» Assignment: In the records that follow, find the line containing "Разработчики давно запрашивали" and the line containing "Also Locatelli wäre", then transcribe both and every line between them exactly, omitting pictures.

» Extracted material:
--------------------------------

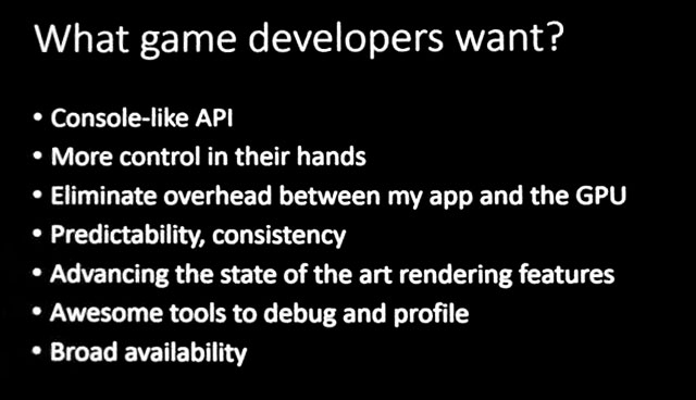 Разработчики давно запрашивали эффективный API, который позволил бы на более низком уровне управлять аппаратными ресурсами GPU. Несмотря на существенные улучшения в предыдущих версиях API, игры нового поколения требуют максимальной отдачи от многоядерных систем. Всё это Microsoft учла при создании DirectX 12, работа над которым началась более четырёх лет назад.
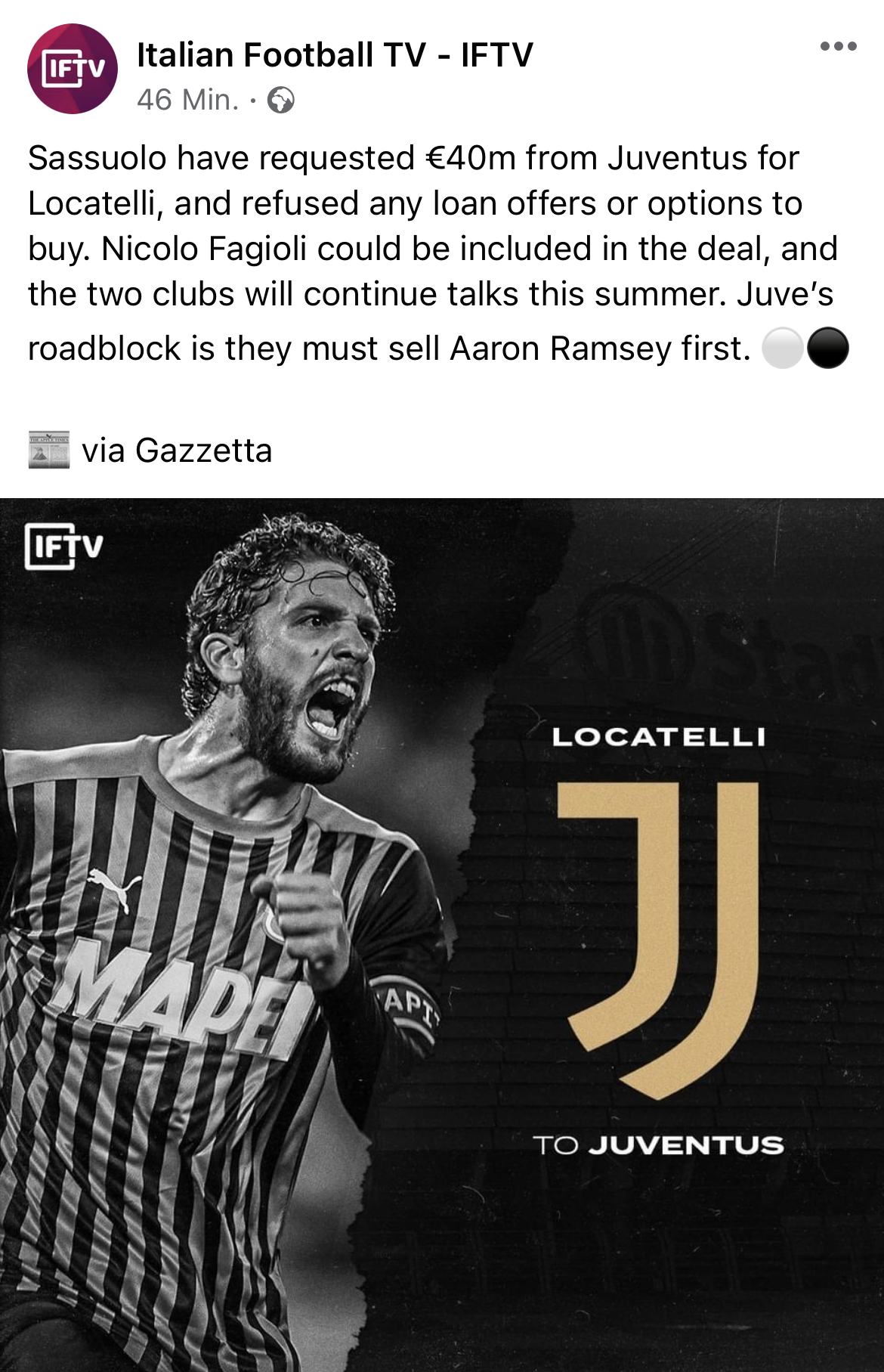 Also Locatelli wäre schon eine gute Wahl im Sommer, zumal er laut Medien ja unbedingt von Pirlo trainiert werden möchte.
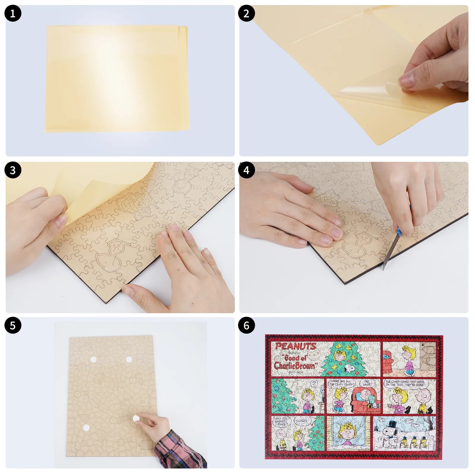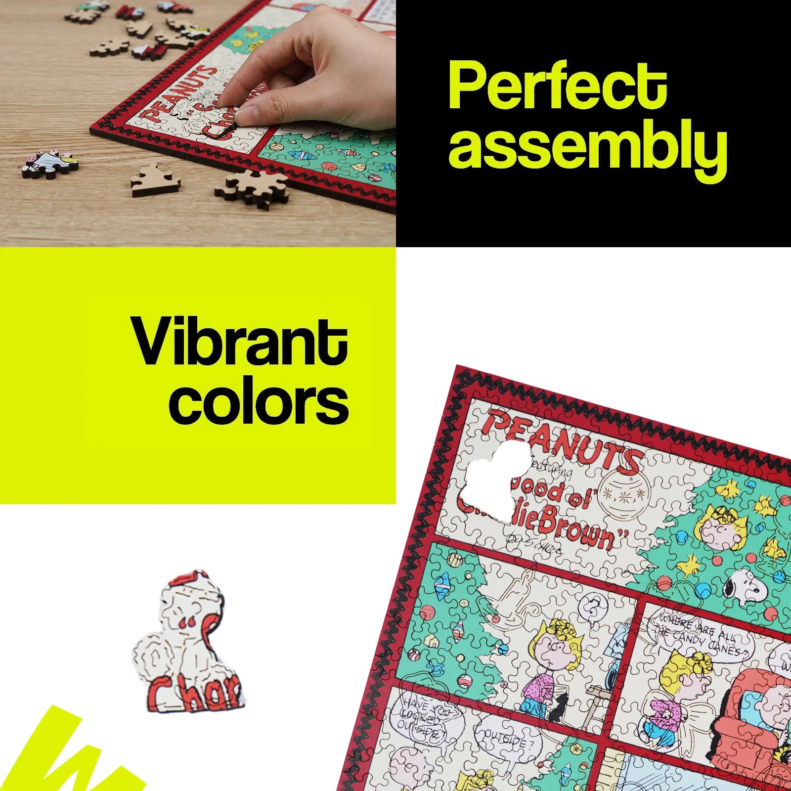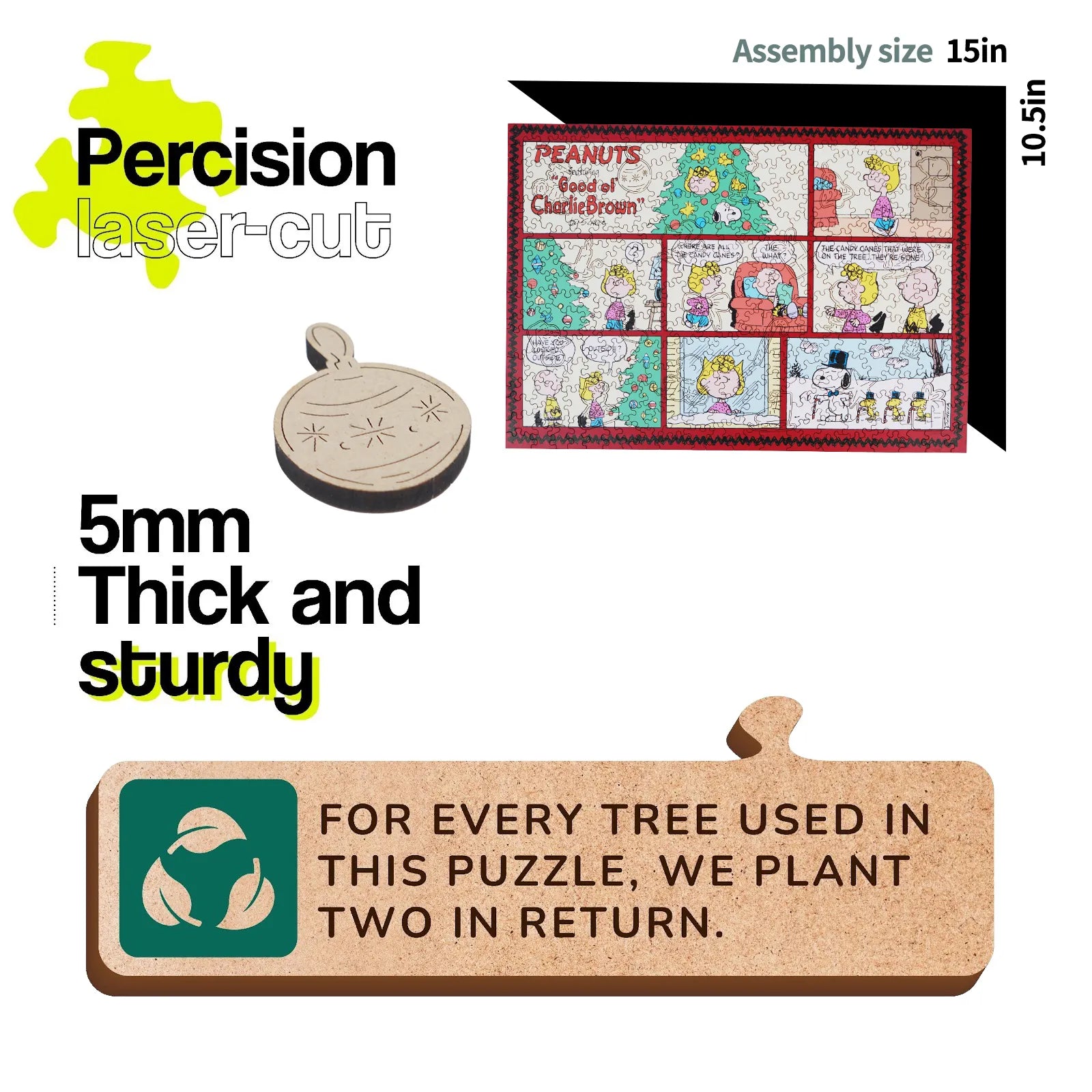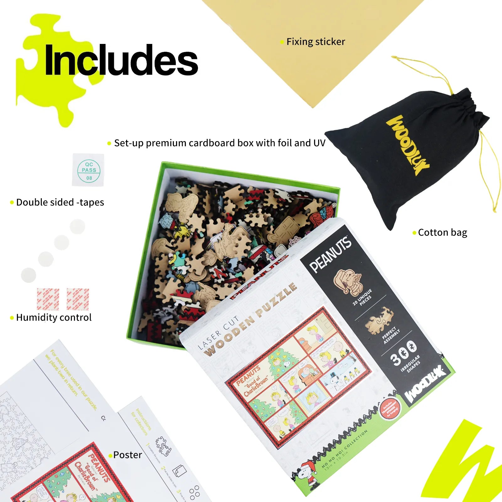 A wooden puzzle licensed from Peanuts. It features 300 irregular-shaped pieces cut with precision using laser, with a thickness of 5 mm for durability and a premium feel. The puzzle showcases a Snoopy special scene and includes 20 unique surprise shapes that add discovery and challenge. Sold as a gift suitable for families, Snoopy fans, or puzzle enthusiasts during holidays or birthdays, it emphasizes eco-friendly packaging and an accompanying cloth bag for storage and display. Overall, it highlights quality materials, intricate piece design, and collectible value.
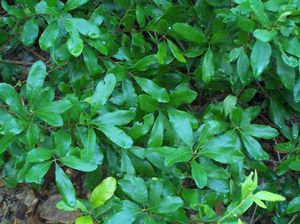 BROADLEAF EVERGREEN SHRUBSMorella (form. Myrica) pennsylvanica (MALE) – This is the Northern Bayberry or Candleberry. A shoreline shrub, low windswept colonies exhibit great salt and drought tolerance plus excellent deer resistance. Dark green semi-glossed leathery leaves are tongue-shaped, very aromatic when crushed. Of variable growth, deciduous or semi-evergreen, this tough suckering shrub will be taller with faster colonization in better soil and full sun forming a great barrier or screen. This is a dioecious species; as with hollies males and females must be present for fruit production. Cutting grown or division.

--------------------------------

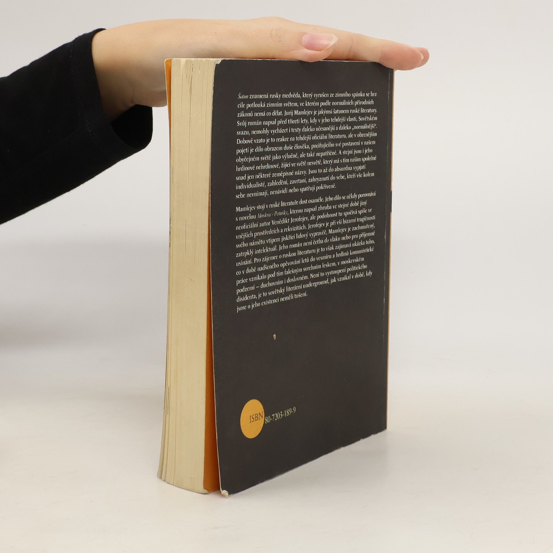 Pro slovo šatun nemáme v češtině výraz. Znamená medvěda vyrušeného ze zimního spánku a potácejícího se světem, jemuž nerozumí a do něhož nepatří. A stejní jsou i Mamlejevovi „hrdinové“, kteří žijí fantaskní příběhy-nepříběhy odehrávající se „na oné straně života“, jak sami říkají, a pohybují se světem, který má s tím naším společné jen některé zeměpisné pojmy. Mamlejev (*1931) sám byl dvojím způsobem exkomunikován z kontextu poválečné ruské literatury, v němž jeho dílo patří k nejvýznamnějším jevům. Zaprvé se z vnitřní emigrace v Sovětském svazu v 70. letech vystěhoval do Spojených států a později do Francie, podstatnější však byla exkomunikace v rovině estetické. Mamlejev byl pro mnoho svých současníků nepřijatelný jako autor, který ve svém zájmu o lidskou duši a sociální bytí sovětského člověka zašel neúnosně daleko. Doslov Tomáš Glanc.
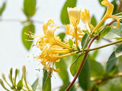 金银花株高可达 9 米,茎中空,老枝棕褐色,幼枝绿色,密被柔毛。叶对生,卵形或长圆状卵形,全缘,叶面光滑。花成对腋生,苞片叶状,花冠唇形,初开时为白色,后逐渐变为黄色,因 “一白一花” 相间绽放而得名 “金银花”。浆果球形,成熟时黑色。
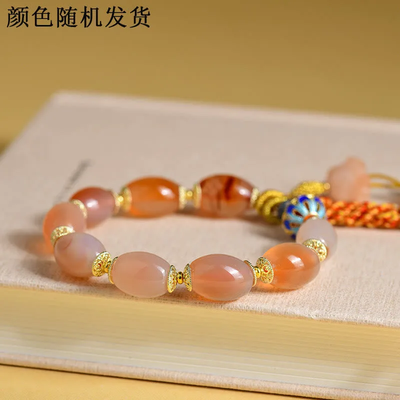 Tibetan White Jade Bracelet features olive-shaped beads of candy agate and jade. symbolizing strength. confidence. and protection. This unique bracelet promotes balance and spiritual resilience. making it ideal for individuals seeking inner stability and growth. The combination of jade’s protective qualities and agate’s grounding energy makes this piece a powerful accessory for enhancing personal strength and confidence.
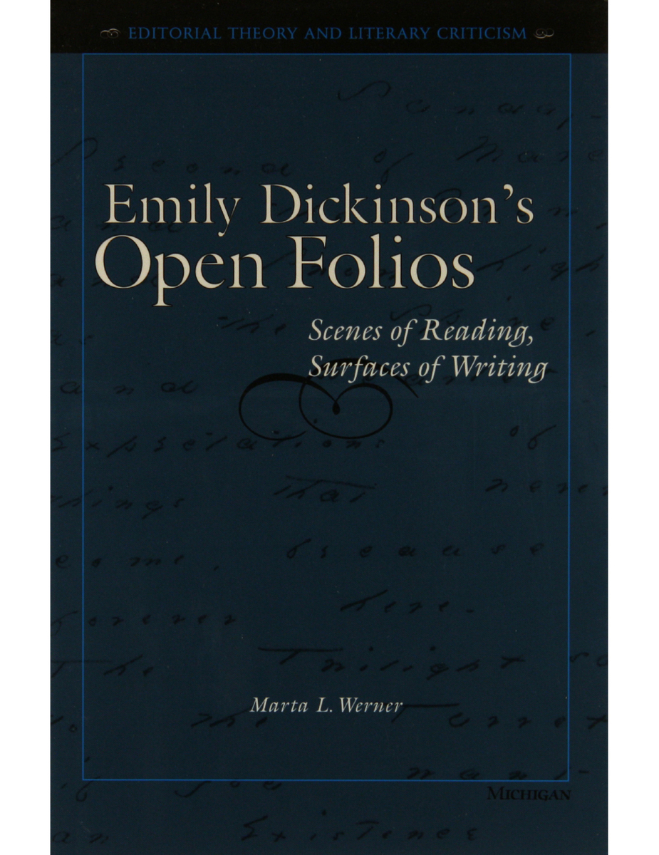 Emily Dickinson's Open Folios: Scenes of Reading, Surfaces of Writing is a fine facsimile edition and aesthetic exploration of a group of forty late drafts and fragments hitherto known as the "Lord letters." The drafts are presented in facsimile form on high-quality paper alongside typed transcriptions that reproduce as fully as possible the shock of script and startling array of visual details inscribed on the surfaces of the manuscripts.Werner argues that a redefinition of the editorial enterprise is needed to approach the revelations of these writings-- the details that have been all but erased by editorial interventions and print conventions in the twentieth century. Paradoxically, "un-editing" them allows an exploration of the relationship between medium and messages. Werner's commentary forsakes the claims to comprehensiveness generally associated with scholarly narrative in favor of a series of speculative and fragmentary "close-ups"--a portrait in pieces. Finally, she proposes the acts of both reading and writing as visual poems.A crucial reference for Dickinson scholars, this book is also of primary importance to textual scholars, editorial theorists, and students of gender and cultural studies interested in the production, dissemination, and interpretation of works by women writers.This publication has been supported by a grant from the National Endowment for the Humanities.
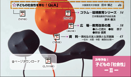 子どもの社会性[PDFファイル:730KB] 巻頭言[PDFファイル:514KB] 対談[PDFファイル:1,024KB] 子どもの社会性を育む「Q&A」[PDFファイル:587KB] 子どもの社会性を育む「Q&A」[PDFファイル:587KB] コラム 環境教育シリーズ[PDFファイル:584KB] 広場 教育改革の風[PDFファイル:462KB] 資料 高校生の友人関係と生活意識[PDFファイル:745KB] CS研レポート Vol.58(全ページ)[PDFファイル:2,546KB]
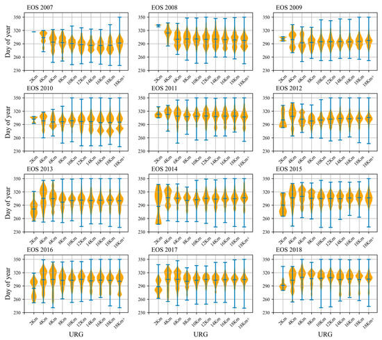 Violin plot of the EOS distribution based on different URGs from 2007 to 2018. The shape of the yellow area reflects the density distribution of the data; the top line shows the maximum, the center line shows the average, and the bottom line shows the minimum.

--------------------------------

» Result of the exercise:
 Разработчики давно запрашивали эффективный API, который позволил бы на более низком уровне управлять аппаратными ресурсами GPU. Несмотря на существенные улучшения в предыдущих версиях API, игры нового поколения требуют максимальной отдачи от многоядерных систем. Всё это Microsoft учла при создании DirectX 12, работа над которым началась более четырёх лет назад.
 Also Locatelli wäre schon eine gute Wahl im Sommer, zumal er laut Medien ja unbedingt von Pirlo trainiert werden möchte.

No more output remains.